* Input data *
--------------------------------

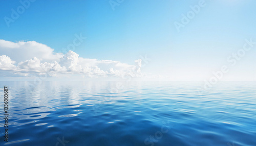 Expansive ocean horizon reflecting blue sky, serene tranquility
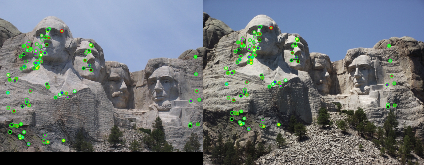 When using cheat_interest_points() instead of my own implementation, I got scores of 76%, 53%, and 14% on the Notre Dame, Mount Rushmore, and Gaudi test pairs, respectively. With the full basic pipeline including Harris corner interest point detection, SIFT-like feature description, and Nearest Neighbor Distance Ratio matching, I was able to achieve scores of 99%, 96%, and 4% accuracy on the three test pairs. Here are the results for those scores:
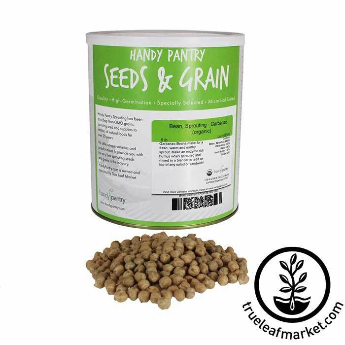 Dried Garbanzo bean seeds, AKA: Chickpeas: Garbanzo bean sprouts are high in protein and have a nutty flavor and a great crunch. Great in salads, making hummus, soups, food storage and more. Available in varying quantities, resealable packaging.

--------------------------------

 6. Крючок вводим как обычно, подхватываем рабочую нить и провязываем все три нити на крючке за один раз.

--------------------------------

* Assignment *
From the line with "Expansive ocean horizon" up to and including the line with "Dried Garbanzo bean" above, retype every line exactly and nothing more; leave out the pictures.

* Worked solution *
 Expansive ocean horizon reflecting blue sky, serene tranquility
 When using cheat_interest_points() instead of my own implementation, I got scores of 76%, 53%, and 14% on the Notre Dame, Mount Rushmore, and Gaudi test pairs, respectively. With the full basic pipeline including Harris corner interest point detection, SIFT-like feature description, and Nearest Neighbor Distance Ratio matching, I was able to achieve scores of 99%, 96%, and 4% accuracy on the three test pairs. Here are the results for those scores:
 Dried Garbanzo bean seeds, AKA: Chickpeas: Garbanzo bean sprouts are high in protein and have a nutty flavor and a great crunch. Great in salads, making hummus, soups, food storage and more. Available in varying quantities, resealable packaging.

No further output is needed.